Be honest: Have you already broken your New Year’s resolution to eat fewer fattening foods? If so, it’s not really a surprise. The battle between long-term goals (better health!) and short-term pleasures (butter cookies!) is seldom a fair fight. Reflexive reactions often have an edge over reasoned responses.
Over the past decade or so, a group of researchers attempting combat the obesity epidemic has been experimenting with ways to rewire those instinct-driven impulses. In a just-published paper, two of them—Katrijn Houben and Anita Jansen of Maastricht University in the Netherlands—present new evidence that this shift can be induced, and explain the mechanism driving the welcome change.
In their experiment, they utilized the food many of us find the hardest to resist: chocolate.
The battle between long-term goals (better health!) and short-term pleasures (butter cookies!) is seldom a fair fight. Reflexive reactions often have an edge over reasoned responses.

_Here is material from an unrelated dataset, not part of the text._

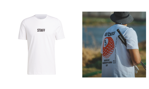 仮想トーナメント「ADICROSS GOLF CHAMPIONSHIP」のスタッフ用Tシャツ。後ろ身頃のインパクトのあるゴルフボールデザインがデザインアクセントとなります。
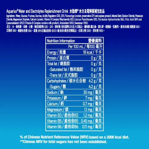 Aquarius® contains vitamin B complex, helps you to reduce fatigue. Effectively replenish water & electroyltes that you lost in perspiration . Low Sugar and Low Calories

“Inhibiting impulses does not necessarily have to be an effortful, top-down process, but can also be triggered in an automatic, bottom-up fashion,” they write in the journal Appetite. They go on to describe an experiment showing that “food-specific inhibition training” can be surprisingly effective.

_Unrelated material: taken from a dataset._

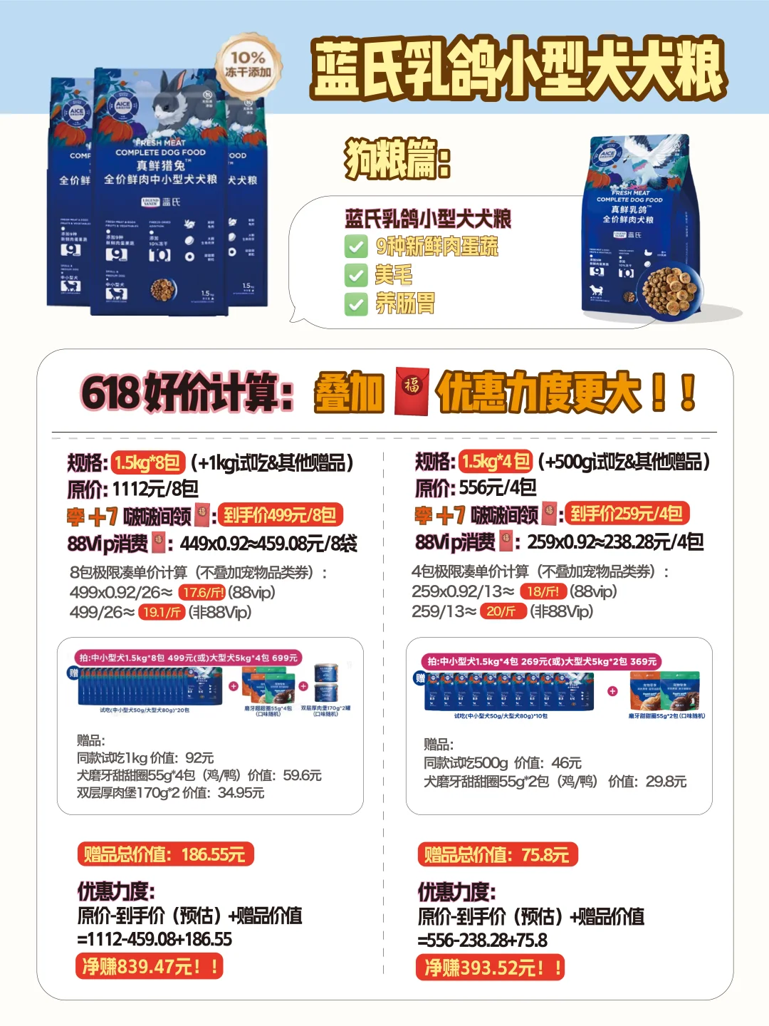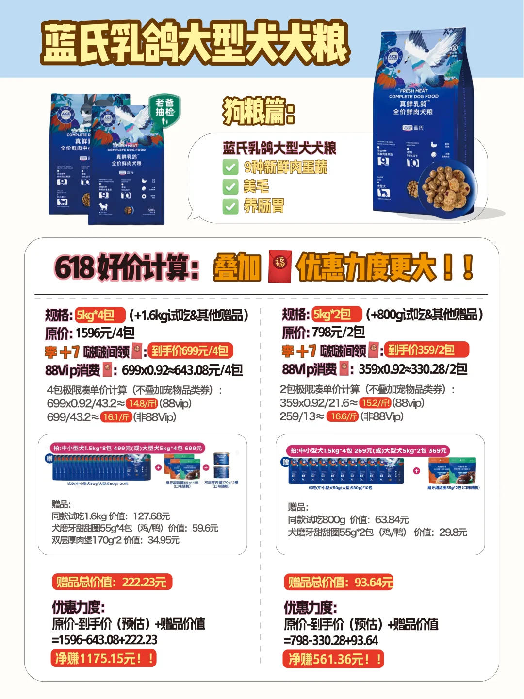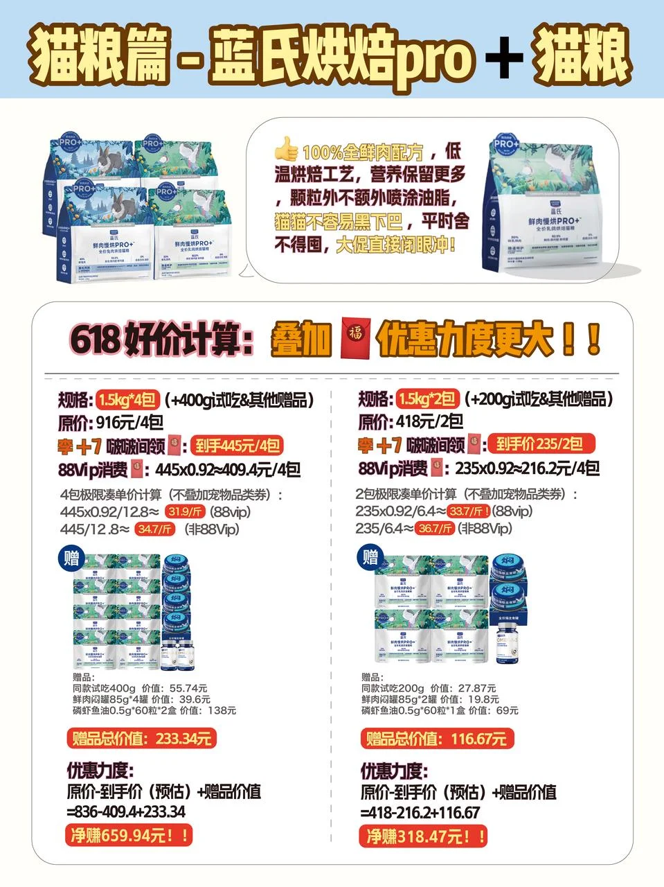 6·18蓝氏猫粮/狗粮好价攻略!看到就是赚到!(附详细时间表!⏰) 一、猫粮篇: ⭐蓝氏乳鸽猫粮 👍🏻老牌国货,经典乳鸽款,大促必囤~ +7啵啵间领⭕:549元/8包,289/4包 ⭐蓝氏烘焙Pro➕猫粮 👍🏻100%全鲜肉,低温烘焙,平时舍不得囤,大促直接闭眼冲! +7啵啵间领⭕:445元/4包,235/2包 二、猫罐头&猫条&猫饭篇: ⭐蓝氏cute罐成猫/幼猫 👍🏻适合小鸟胃,一餐一罐,适口性很好。 +7啵啵间领⭕:105r/24罐 ⭐蓝氏主食猫条 👍🏻高肉高蛋白,主食级营养。猫咪超爱 +7啵啵间领⭕:105r/84支 ⭐蓝氏主食猫饭 👍🏻“蒸”鲜猫饭,主食级营养。含肉量很高 +7啵啵间领⭕:129r/30包 三、狗粮篇: ⭐蓝氏乳鸽小型犬犬粮 👍🏻9种新鲜肉蛋蔬,美毛,养肠胃 +7啵啵间领⭕:499元/8包,259元/4包 ⭐蓝氏乳鸽大型犬犬粮 👍🏻9种新鲜肉蛋蔬,美毛,养肠胃 +7啵啵间领⭕:699元/4包,359/2包 叠加88VIP,啵啵间🧧优惠🍐度更大! 具体凑单步骤参考📒哦! 618李佳琦李佳琦直播间618攻略618大促养猫用品推荐新手养猫宠物用品蓝氏蓝氏乳鸽猫粮狗粮养狗养宠宠物节

The study featured 52 female undergraduates who reported they liked eating chocolate on a regular basis. All took part in a standard go/no-go task, in which they were instructed to press the space bar when a "go" cue appeared on their computer screen, and to refrain from doing so when the cue was absent. The cue consisted of either the letter "p" or "f," which was displayed randomly on one corner of the screen.
"Participants were randomly assigned one of two conditions," the researchers write. "In the chocolate go/no-go condition, chocolate-related pictures (that is, images of different types of chocolate candy) were consistently paired with the "no-go" cue, while pictures of empty plates were consistently paired with the "go" cue." The opposite was true for those in the alternate condition.
Afterwards, all were asked to participate in a bogus taste test, in which they were presented three bowls filled with different types of chocolates and told they could eat as much or as little as they wanted before making their assessments. Participants also filled out forms detailing their concerns about weight and dieting, their body-mass index, and their general level of chocolate craving.
The key result: "Participants in the chocolate/no-go condition consumed significantly less chocolate during the taste test compared to participants in the chocolate/go condition." Specifically, they ate an average of 29.45 grams of chocolate, compared to 37.91 grams for those who had just associated the terms "chocolate" and "go."
The researchers are quick to point out that "one single session was not enough to induce automatic associations between 'chocolate' and 'stop.'" But as another part of the study found (and the actual consumption levels confirmed), it was enough to reduce the automatic association between the sweet treat and the "go" impulse. Could a series of such sessions break it completely? The question is certainly worth researching.
Granted, re-training our automatic impulses in this way has vaguely unsettling overtones of mind control. But given the personal and societal problems associated with obesity, this may be one brave new world worth venturing into. Call it A Clockwork Orange Cake.